The National Premier Leagues Northern NSW is a regional Australian Professional association football league comprising teams from Northern New South Wales. As a subdivision of the National Premier Leagues, the league sits at Level 1 on the Northern New South Wales league system (Level 2 of the overall Australian league system). The competition is administered by Northern NSW Football, the governing body of the sport in the northern region of the state (the southern region is mostly governed by Football NSW). Prior to 2014, the league was formerly known as the Northern NSW State Football League.

History
The league originally started with 12 teams, all with a first grade, reserve grade and youth grade team. The league was then downsized to 10 teams still with all three grades. For the 2009 season it was decided by Northern New South Wales Football (the governing body) to downsize the league once again to 8 teams in order to improve the quality and give local players a chance to enter the A-league through the competition. The teams competing in the 2009 season were decided on the second of September 2008, with Highfields Azzurri FC and Lake Macquarie City Roosters FC being relegated to the Northern NSW Division One.
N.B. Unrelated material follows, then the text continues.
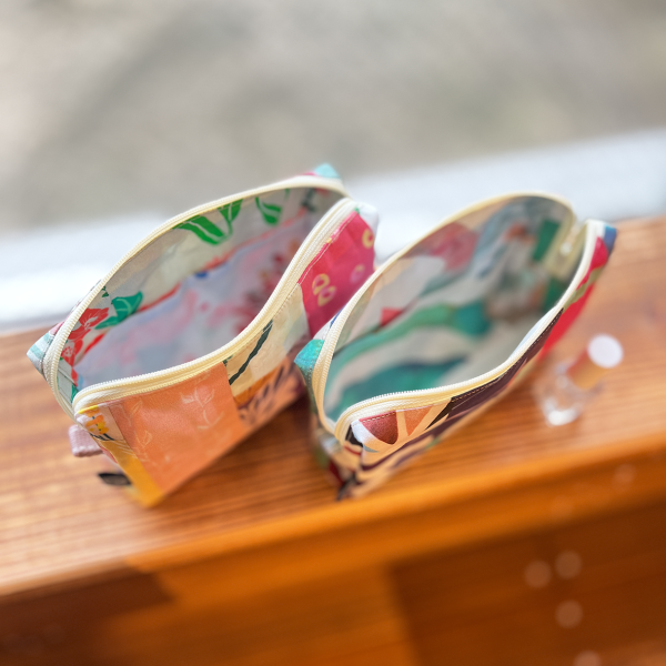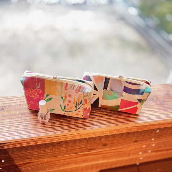 | マチが広めの化粧ポーチ。表地はパッチワーク、中ポケットもつけました。 何個も作るとだんだんコツが分かってきます。 |
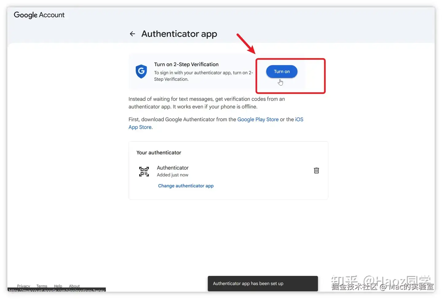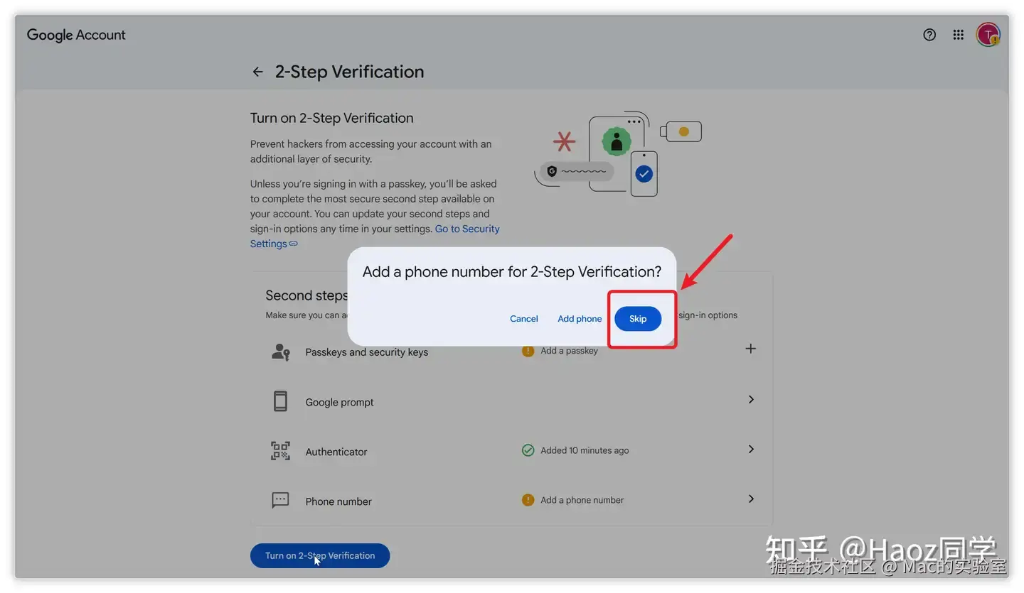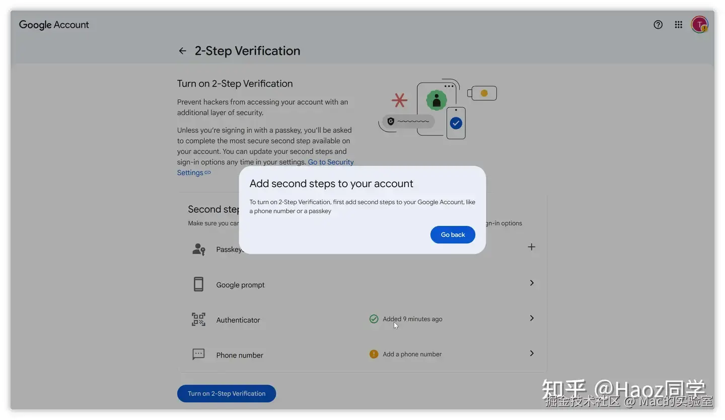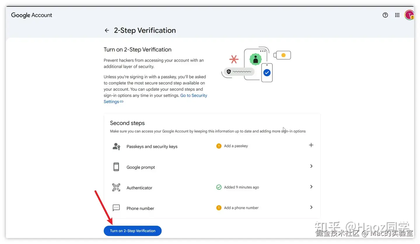 刷新页面后,再重新点一下底部的Turn on 2-Step verification

Teams were judged on criteria which included facilities/ground (30%), financial status (25%), management (20%), playing strength/coaching staff (15%) and development program (10%). An independent body, chaired by former NSW gaming minister Richard Face, was assigned to make the decision.

From the 2017 season onward the competition once again expanded to 11 teams with Lake Macquarie being promoted from the HIT Northern League One (formerly 'NewFM Football League').

From the 2020 season onward the competition contracted back to 10 teams after Newcastle Jets Youth transferred into the NPL New South Wales structure, now playing in the NPL NSW 4 competition. The reason was because the Newcastle Jets and Northern NSW Football believed that transferring the Youth Jets to the Sydney-centred competition would help develop their youth players.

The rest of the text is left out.